◆ Work instructions: The finished copy must match the records exactly, except that it contains no pictures.

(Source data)
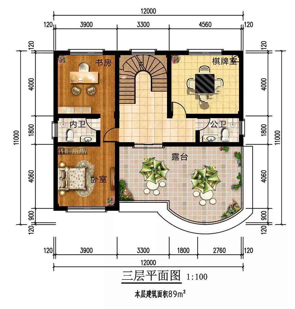 三層:臥室套間設(shè)計(jì),帶有書(shū)房,家人辦公休息不會(huì)被打擾;設(shè)有棋牌室,方便家人休閑娛樂(lè),忘記煩憂;空曠的露臺(tái)可以打造成空中花園,賞花喝茶,享受靜謐生活。
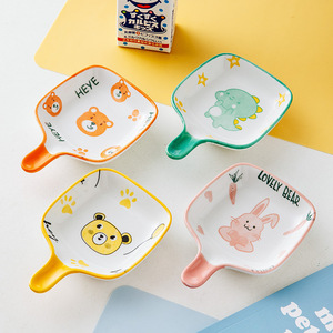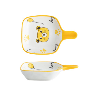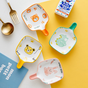 漫画のディスペンサーのかわいい小皿は取っ手の釉薬を持っています。
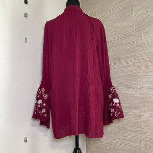 Women's Small Coco + Jaimeson Burgundy Cardigan w/ Floral Bell Sleeves
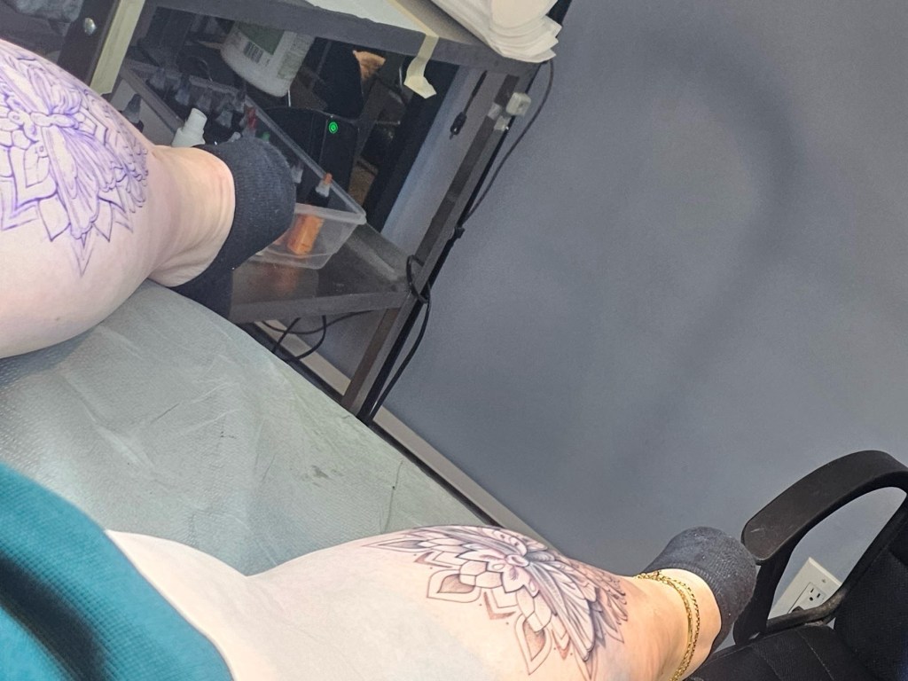 Mon tatoueur et moi prenons un moment pour photographier ces nouvelles œuvres; lui pour sa plateforme, moi pour ce blogue.
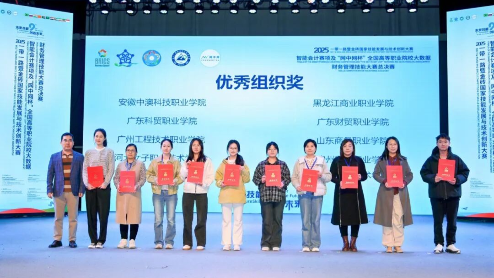 11月23日,我院经济与管理系在2025年一带一路暨金砖国家技能发展与技术创新大赛智能会计赛项全国总决赛中传来喜讯,由李家唸、王黎娜老师指导,吴雨轩、周言之、彭安琪、于童淼组成的代表队,凭借扎实的专业知识和默契的团队合作,荣获全国总决赛团队二等奖。同时,学院荣获“优秀组织奖”,这充分展示了学院在大数据财务管理、智能会计领域人才培养方面的实力。
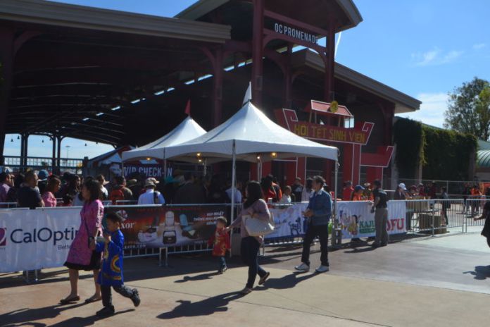 Dù phải tốn $8 để đậu xe, bãi xe của hội chợ này chật kín và dòng xe ra vào vẫn rất dài. Còn dòng người tại lối vào hội chợ thì đông đúc, ai cũng phấn khích để chuẩn bị được thưởng thức các món ăn ngon, tham gia các trò chơi liên quan đến văn hóa Việt và xem các màn văn nghệ hấp dẫn.
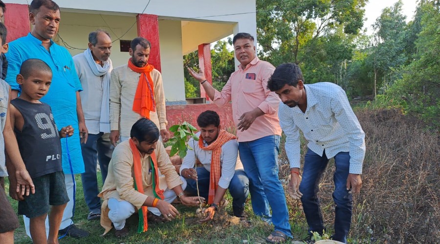 लालगंज आजमगढ़ : राष्ट्रीय स्वयंसेवक संघ द्वारा मोनी बाबा आदर्श विद्यालय मसीरपुर के प्रांगण में वन...
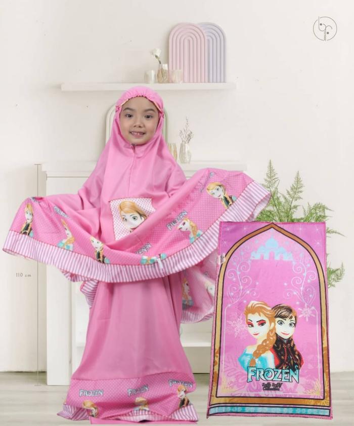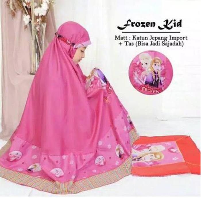Terlaris Mukena Anak Umur 2-10 tahun Motif Frozen kids ada sajadah dan tas Bahan Katun - pink S (2-4) Tahun Elegan

◆ Solution to the exercise:
 三層:臥室套間設(shè)計(jì),帶有書(shū)房,家人辦公休息不會(huì)被打擾;設(shè)有棋牌室,方便家人休閑娛樂(lè),忘記煩憂;空曠的露臺(tái)可以打造成空中花園,賞花喝茶,享受靜謐生活。
 漫画のディスペンサーのかわいい小皿は取っ手の釉薬を持っています。
 Women's Small Coco + Jaimeson Burgundy Cardigan w/ Floral Bell Sleeves
 Mon tatoueur et moi prenons un moment pour photographier ces nouvelles œuvres; lui pour sa plateforme, moi pour ce blogue.
 11月23日,我院经济与管理系在2025年一带一路暨金砖国家技能发展与技术创新大赛智能会计赛项全国总决赛中传来喜讯,由李家唸、王黎娜老师指导,吴雨轩、周言之、彭安琪、于童淼组成的代表队,凭借扎实的专业知识和默契的团队合作,荣获全国总决赛团队二等奖。同时,学院荣获“优秀组织奖”,这充分展示了学院在大数据财务管理、智能会计领域人才培养方面的实力。
 Dù phải tốn $8 để đậu xe, bãi xe của hội chợ này chật kín và dòng xe ra vào vẫn rất dài. Còn dòng người tại lối vào hội chợ thì đông đúc, ai cũng phấn khích để chuẩn bị được thưởng thức các món ăn ngon, tham gia các trò chơi liên quan đến văn hóa Việt và xem các màn văn nghệ hấp dẫn.
 लालगंज आजमगढ़ : राष्ट्रीय स्वयंसेवक संघ द्वारा मोनी बाबा आदर्श विद्यालय मसीरपुर के प्रांगण में वन...
Terlaris Mukena Anak Umur 2-10 tahun Motif Frozen kids ada sajadah dan tas Bahan Katun - pink S (2-4) Tahun Elegan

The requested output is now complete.